> Description of the task: Please begin with the line containing "大白夜闯牌坊街:大白与状元牌坊 同框。" and reproduce each line exactly until the records below end, without any pictures.

> Stored data:
■ ■ ■ ■

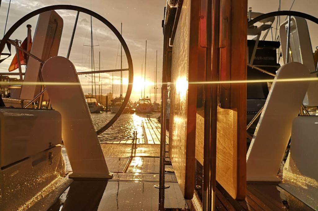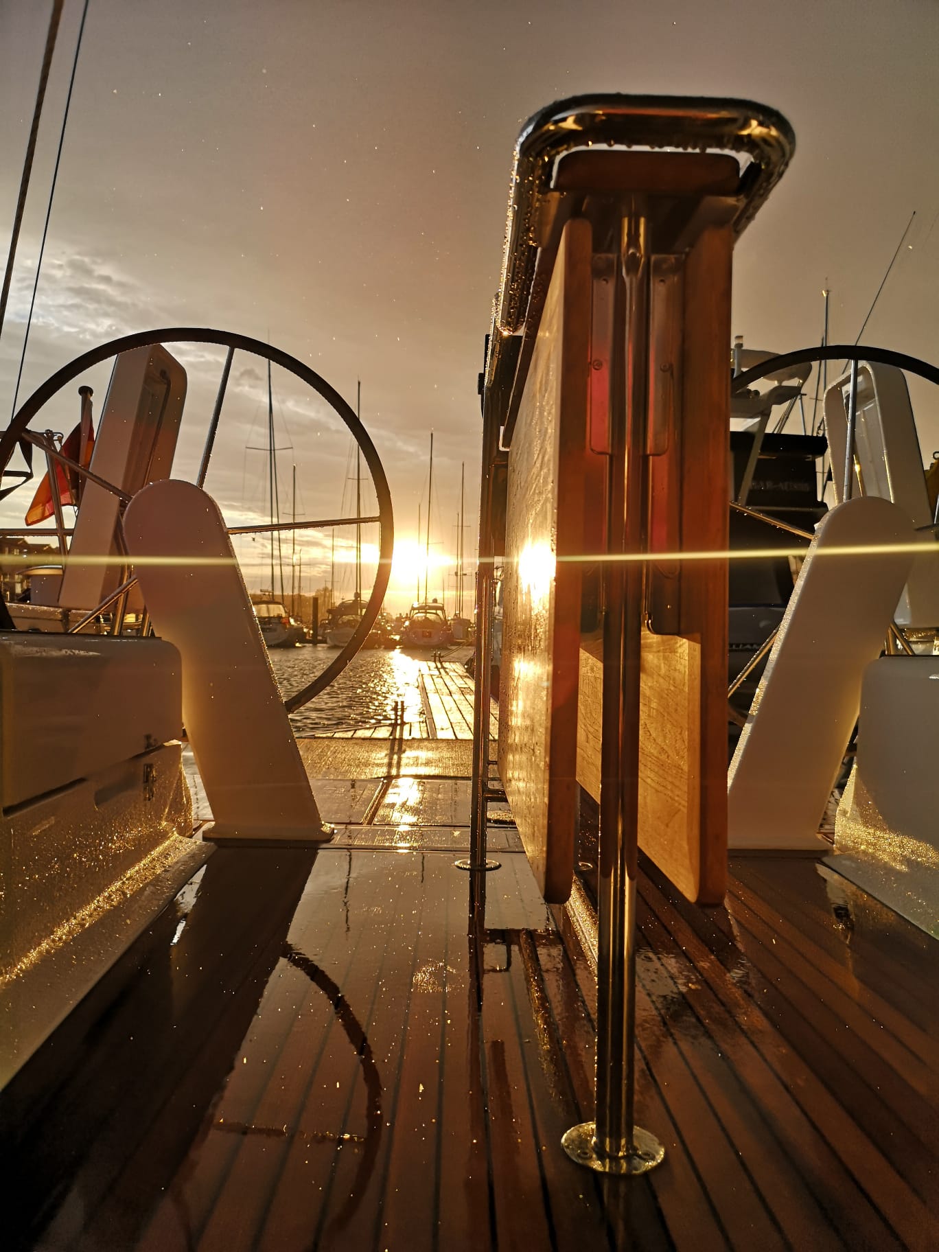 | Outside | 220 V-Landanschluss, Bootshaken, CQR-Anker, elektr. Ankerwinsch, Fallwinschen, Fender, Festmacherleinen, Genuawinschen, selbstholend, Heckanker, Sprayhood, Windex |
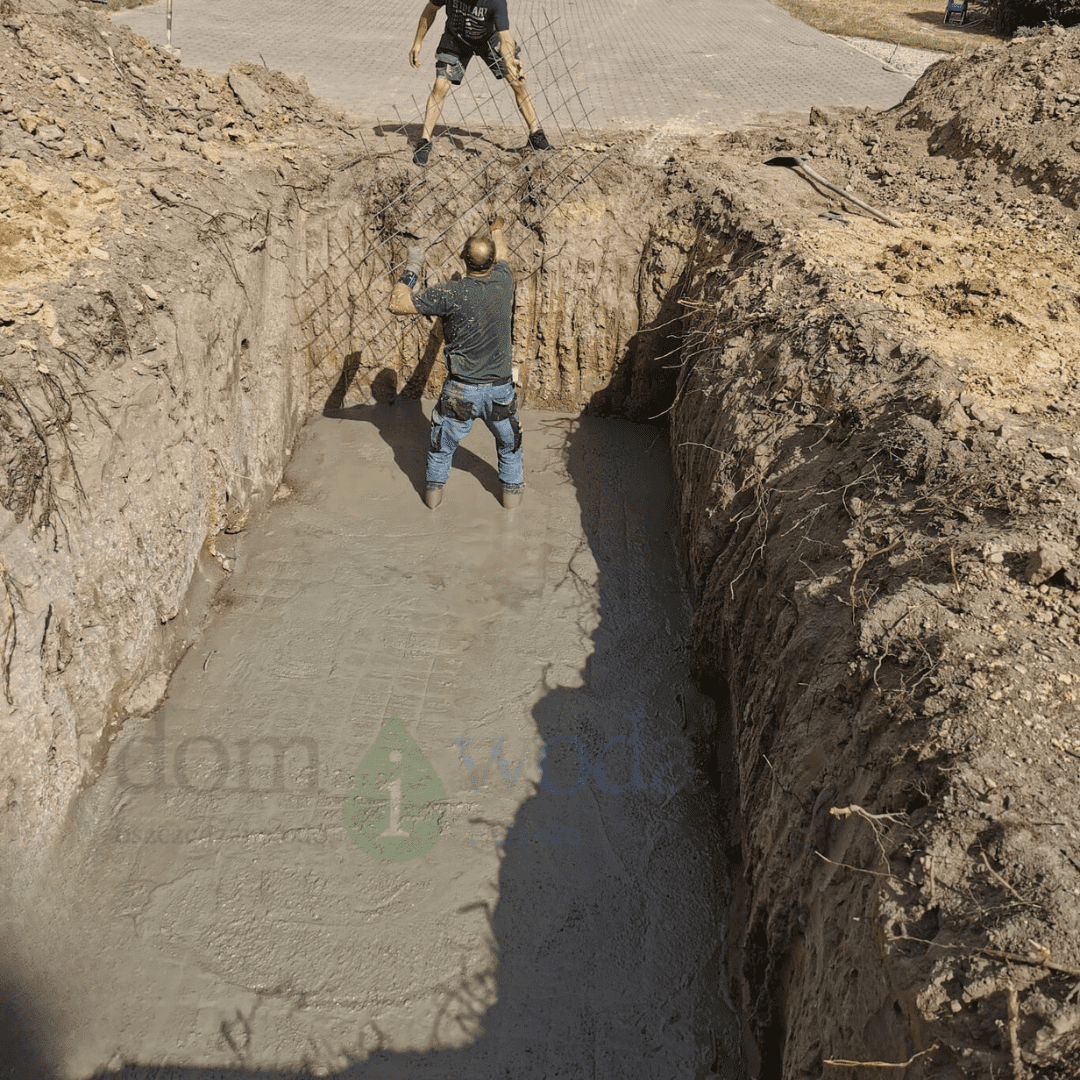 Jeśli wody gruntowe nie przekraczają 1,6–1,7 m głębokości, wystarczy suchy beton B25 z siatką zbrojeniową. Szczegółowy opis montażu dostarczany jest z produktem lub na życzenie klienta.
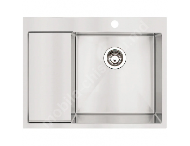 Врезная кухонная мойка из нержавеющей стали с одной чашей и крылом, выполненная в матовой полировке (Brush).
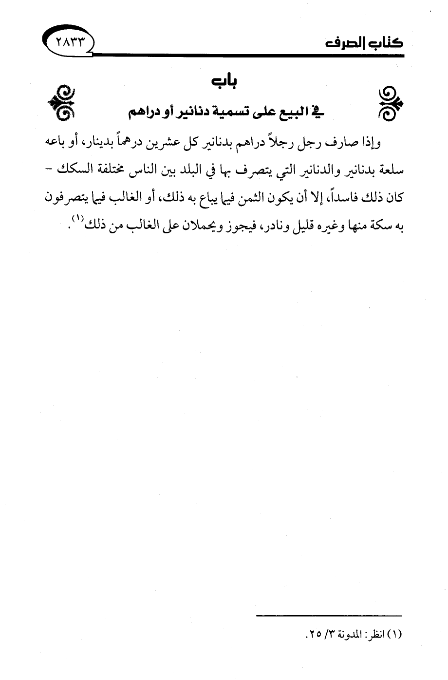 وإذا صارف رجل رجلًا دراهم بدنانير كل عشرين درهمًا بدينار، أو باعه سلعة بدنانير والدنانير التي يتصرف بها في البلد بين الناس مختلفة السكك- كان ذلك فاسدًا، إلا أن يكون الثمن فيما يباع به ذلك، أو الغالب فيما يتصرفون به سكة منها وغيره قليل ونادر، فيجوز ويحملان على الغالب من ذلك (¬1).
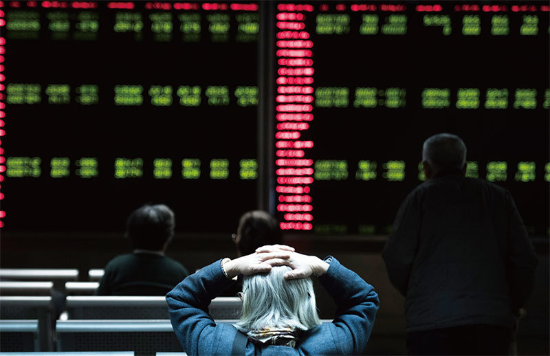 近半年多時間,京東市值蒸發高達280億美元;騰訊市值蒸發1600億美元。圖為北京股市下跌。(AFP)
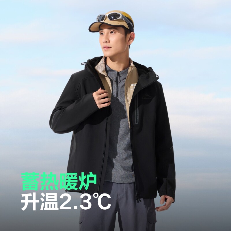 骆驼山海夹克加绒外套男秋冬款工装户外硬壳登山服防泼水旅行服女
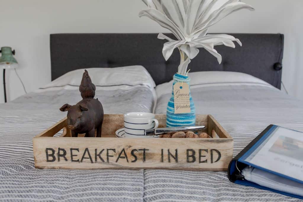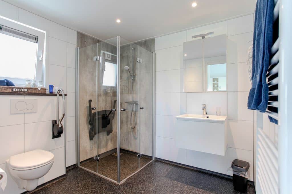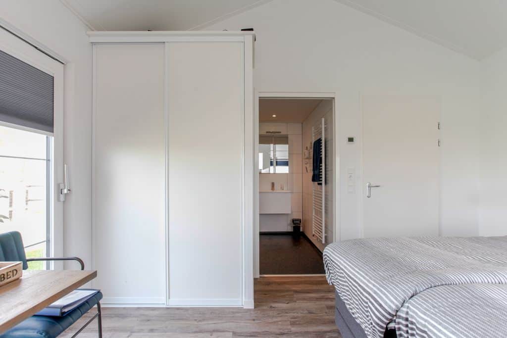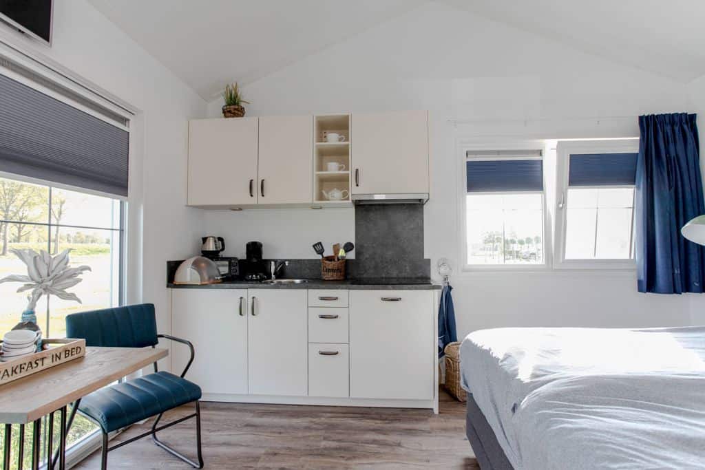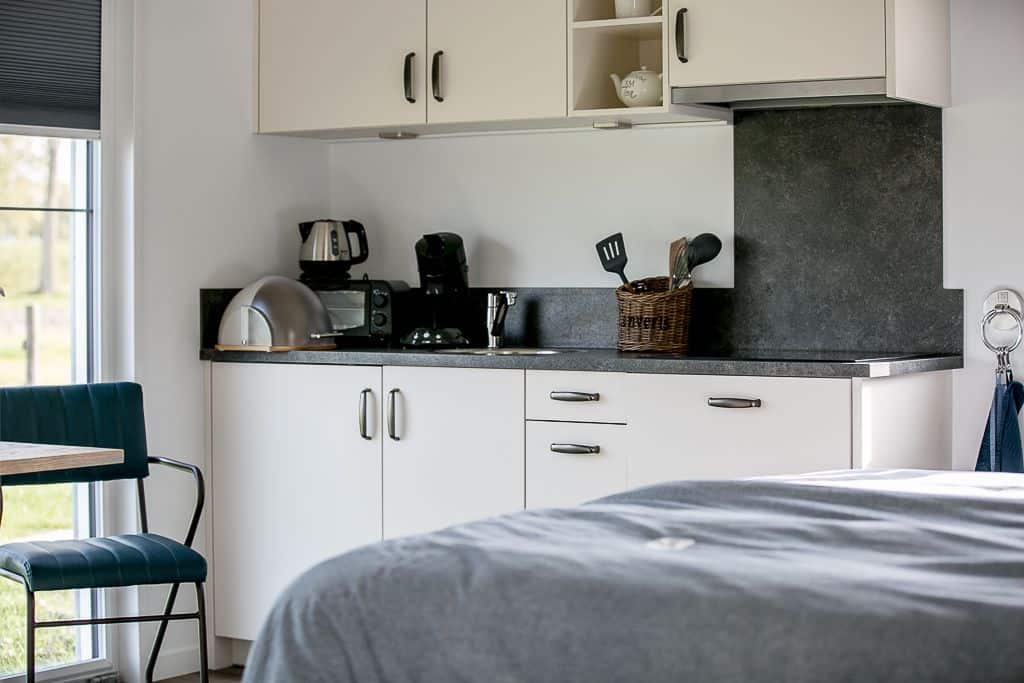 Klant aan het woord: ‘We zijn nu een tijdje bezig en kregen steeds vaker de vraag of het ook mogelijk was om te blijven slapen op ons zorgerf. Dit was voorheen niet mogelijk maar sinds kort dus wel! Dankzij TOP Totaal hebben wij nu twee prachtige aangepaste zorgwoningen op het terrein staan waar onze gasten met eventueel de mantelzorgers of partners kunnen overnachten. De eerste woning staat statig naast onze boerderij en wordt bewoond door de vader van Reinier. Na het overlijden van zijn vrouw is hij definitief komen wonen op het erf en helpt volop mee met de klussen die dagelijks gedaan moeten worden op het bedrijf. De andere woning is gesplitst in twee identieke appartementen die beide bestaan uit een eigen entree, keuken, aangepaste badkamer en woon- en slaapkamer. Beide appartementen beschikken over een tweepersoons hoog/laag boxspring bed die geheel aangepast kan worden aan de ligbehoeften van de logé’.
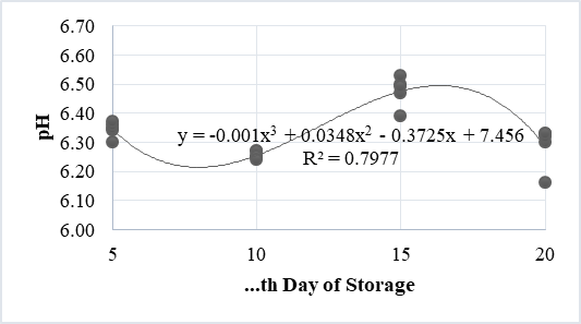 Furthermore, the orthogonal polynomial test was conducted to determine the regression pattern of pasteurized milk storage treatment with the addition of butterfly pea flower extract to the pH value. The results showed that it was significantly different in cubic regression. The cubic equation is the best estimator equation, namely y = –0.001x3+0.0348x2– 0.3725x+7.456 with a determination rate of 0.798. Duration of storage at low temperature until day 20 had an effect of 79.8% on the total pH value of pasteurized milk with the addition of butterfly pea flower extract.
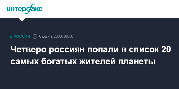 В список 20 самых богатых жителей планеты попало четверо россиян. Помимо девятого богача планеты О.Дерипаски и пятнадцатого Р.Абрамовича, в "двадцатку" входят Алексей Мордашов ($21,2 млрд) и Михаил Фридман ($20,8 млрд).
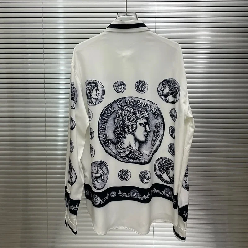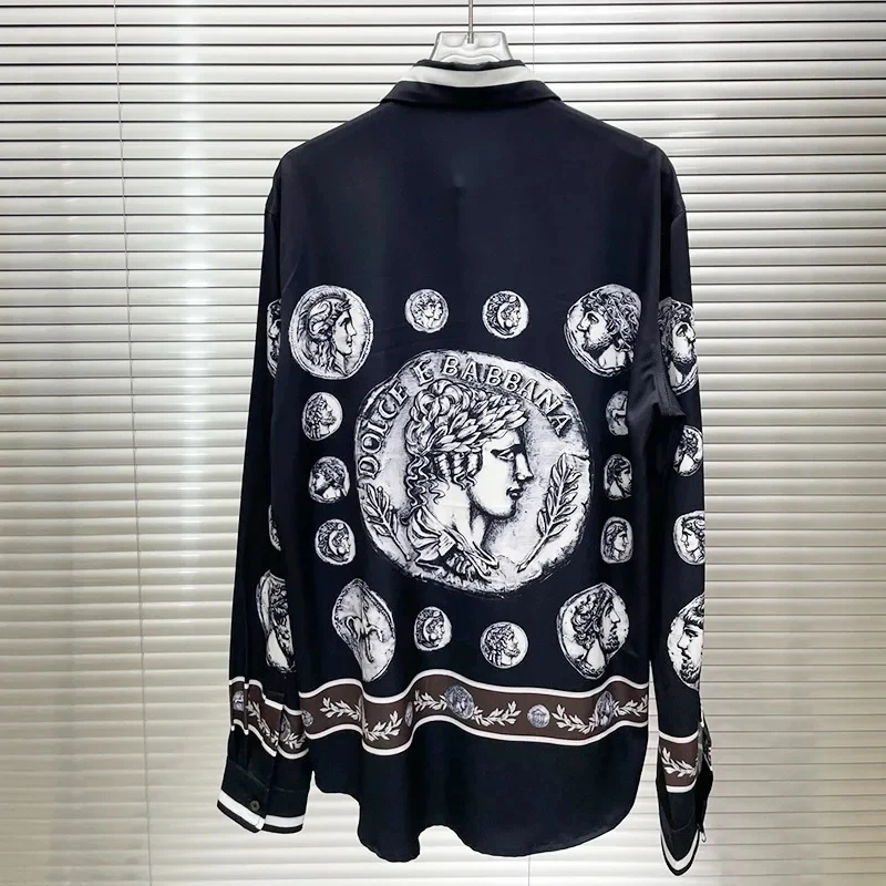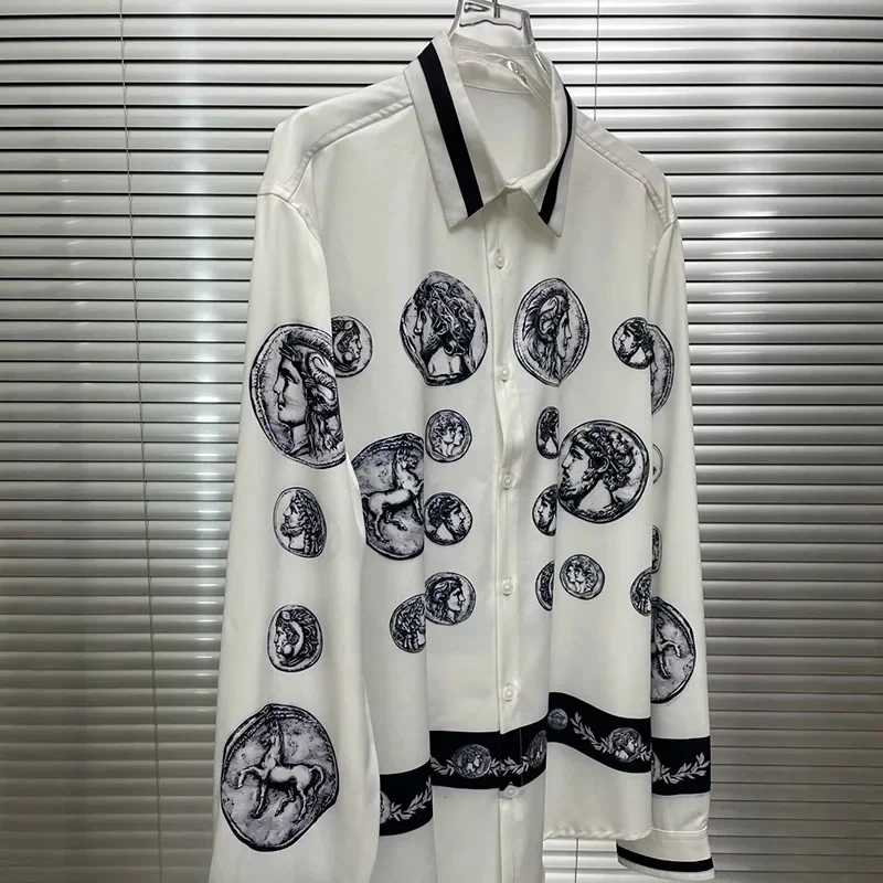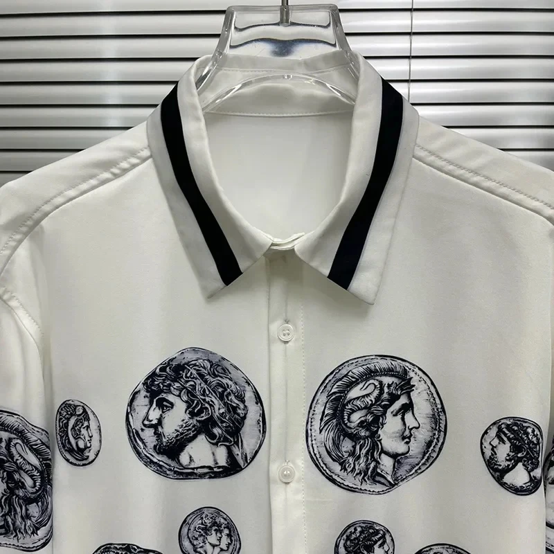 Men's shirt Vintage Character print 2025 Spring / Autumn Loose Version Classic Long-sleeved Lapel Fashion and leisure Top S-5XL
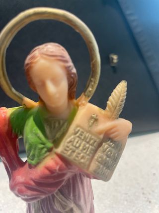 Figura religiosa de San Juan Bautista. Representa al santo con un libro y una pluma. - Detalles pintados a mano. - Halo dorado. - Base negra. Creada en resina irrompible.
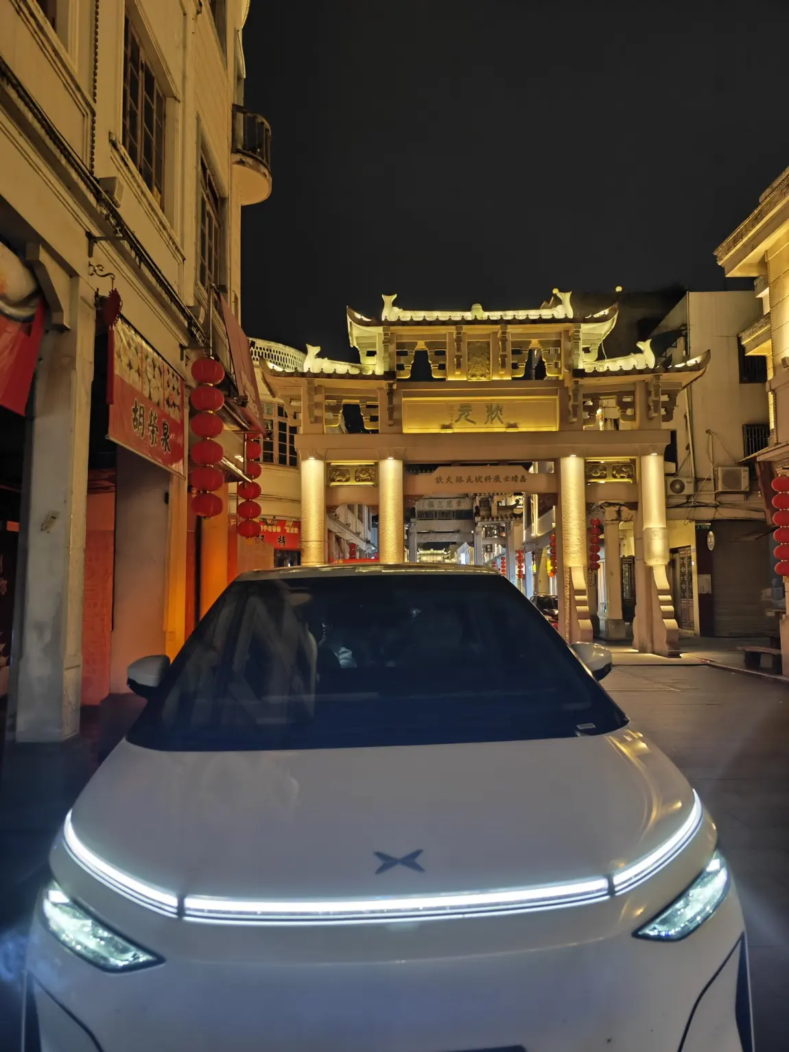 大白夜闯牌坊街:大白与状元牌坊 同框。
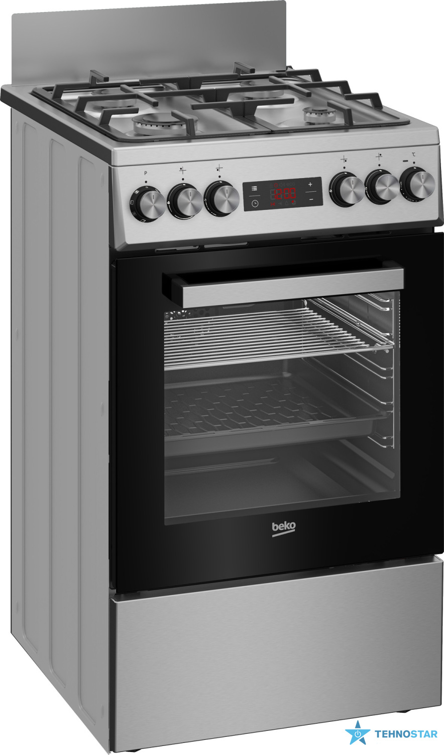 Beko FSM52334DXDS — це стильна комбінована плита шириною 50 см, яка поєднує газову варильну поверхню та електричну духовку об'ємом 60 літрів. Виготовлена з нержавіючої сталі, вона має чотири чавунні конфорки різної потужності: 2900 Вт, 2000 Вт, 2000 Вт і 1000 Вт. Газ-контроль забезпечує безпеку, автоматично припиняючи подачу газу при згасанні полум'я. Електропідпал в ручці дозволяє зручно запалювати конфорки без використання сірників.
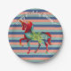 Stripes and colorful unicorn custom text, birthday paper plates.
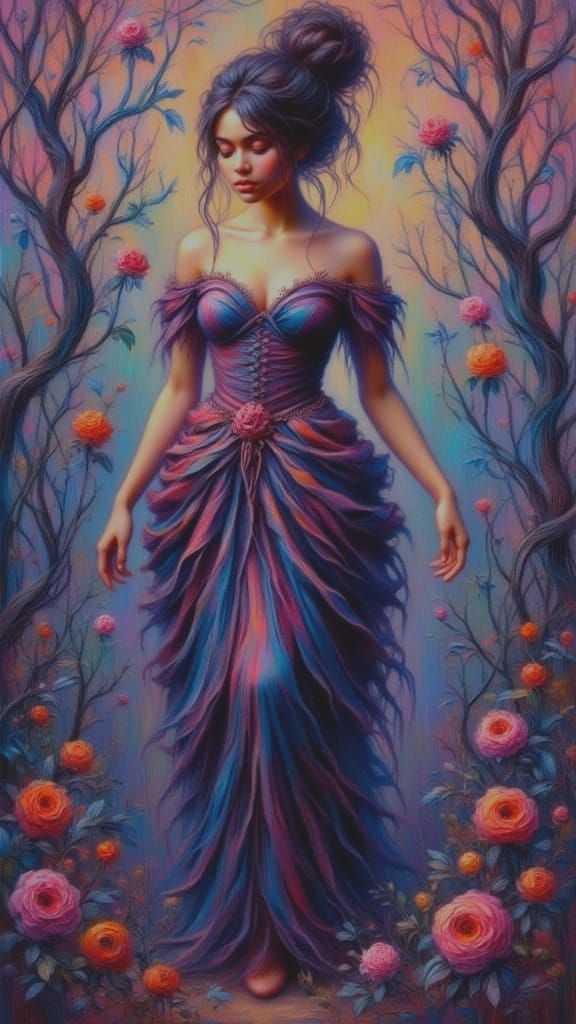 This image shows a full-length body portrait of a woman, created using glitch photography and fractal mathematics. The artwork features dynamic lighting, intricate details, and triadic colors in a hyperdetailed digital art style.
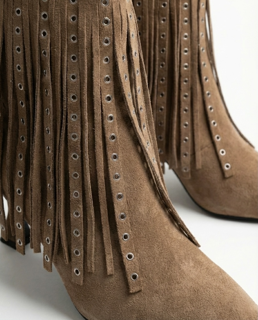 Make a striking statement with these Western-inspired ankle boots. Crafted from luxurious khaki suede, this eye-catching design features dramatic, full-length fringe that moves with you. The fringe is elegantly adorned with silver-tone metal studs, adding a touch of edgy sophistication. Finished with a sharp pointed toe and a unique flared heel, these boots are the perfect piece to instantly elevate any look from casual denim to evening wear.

■ ■ ■ ■

> Result of this exercise:
 大白夜闯牌坊街:大白与状元牌坊 同框。
 Beko FSM52334DXDS — це стильна комбінована плита шириною 50 см, яка поєднує газову варильну поверхню та електричну духовку об'ємом 60 літрів. Виготовлена з нержавіючої сталі, вона має чотири чавунні конфорки різної потужності: 2900 Вт, 2000 Вт, 2000 Вт і 1000 Вт. Газ-контроль забезпечує безпеку, автоматично припиняючи подачу газу при згасанні полум'я. Електропідпал в ручці дозволяє зручно запалювати конфорки без використання сірників.
 Stripes and colorful unicorn custom text, birthday paper plates.
 This image shows a full-length body portrait of a woman, created using glitch photography and fractal mathematics. The artwork features dynamic lighting, intricate details, and triadic colors in a hyperdetailed digital art style.
 Make a striking statement with these Western-inspired ankle boots. Crafted from luxurious khaki suede, this eye-catching design features dramatic, full-length fringe that moves with you. The fringe is elegantly adorned with silver-tone metal studs, adding a touch of edgy sophistication. Finished with a sharp pointed toe and a unique flared heel, these boots are the perfect piece to instantly elevate any look from casual denim to evening wear.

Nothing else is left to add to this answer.